Le plus haut tribunal de la province a rejeté l’appel de la Couronne il y a quelques jours dans le dossier de l’agresseur sexuel Karl-Anthony Trottier.

Le résident de l’Abitibi-Témiscamingue maintenant âgé de 26 ans, a commis son crime en octobre 2013. À l’époque, il avait invité la victime à se joindre à lui et à un autre individu pour se rendre à Amos.

En route, il lui a demandé d’avoir une relation sexuelle à trois, ce qu’elle a refusé.

Agressée deux fois

Au retour à son appartement, Trottier a saisi la victime par le poignet et l’a entraînée dans une chambre pour la déshabiller et l’agresser sexuellement.

« Lorsque la victime sort de la chambre [de Trottier], elle espère trouver du réconfort auprès [du colocataire], mais celui-ci ne lui offre aucune sympathie, note la Cour d’appel.
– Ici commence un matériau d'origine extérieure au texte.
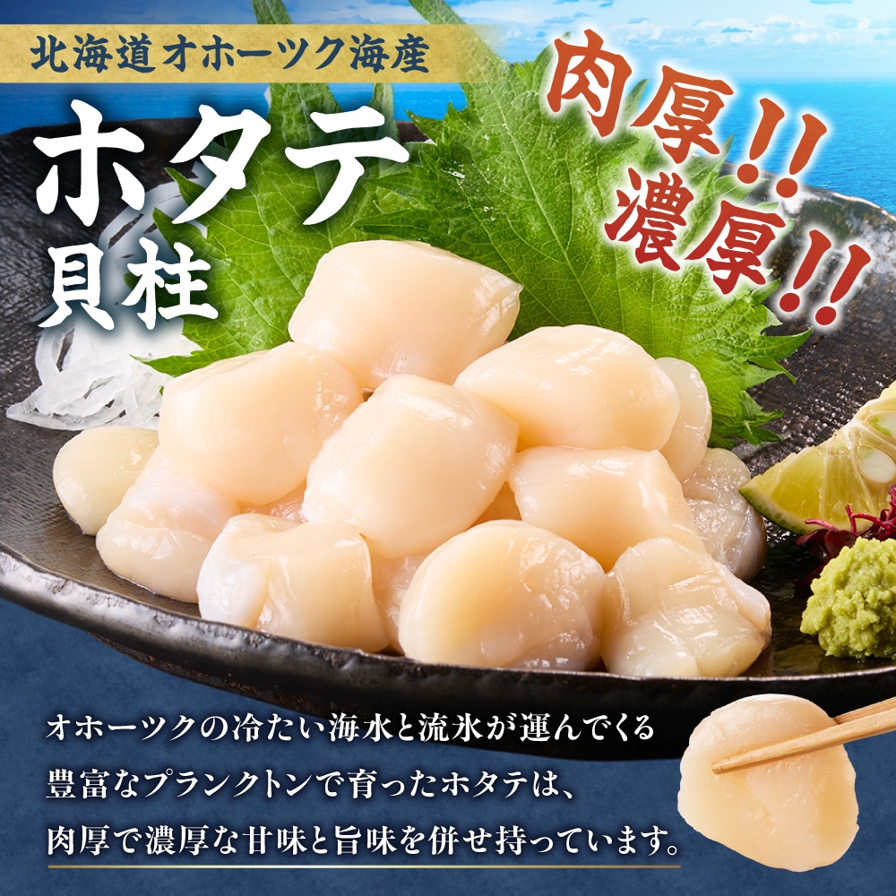 オホーツクの冷たい海水と流氷が運んでくる豊富なプランクトンで育ったホタテは、肉厚で濃厚な甘味と旨味を併せ持っています。

Au contraire, il la force à avoir une relation sexuelle avec lui. »

De retour chez elle, l’ado a constaté qu’elle avait plusieurs blessures, des pertes sanguines et des ecchymoses.

Coupable d’agression sexuelle causant des lésions à une jeune de moins de 16 ans, Trottier aurait dû écoper de la peine minimale de cinq ans, prévue au Code criminel.

Sauf que le juge Jean-Pierre Gervais, de la Cour du Québec, a estimé qu’il s’agissait là d’un châtiment « cruel et inusité ».

Expliquant que Trottier sortait alors à peine de l’adolescence, qu’il ne « saisissait pas la gravité des gestes », qu’il souffrait d’un trouble du déficit de l’attention avec hyperactivité et que d’aller au pénitencier était déjà sévère en soi, le magistrat a estimé que le public ne comprendrait pas la sévérité d’une sentence de cinq ans.

Piquée au vif, la Couronne a décidé de faire appel. Mais elle n’a pas réussi à convaincre le tribunal de hausser la peine.

La poursuite a encore quelques semaines si elle veut porter la cause en Cour suprême.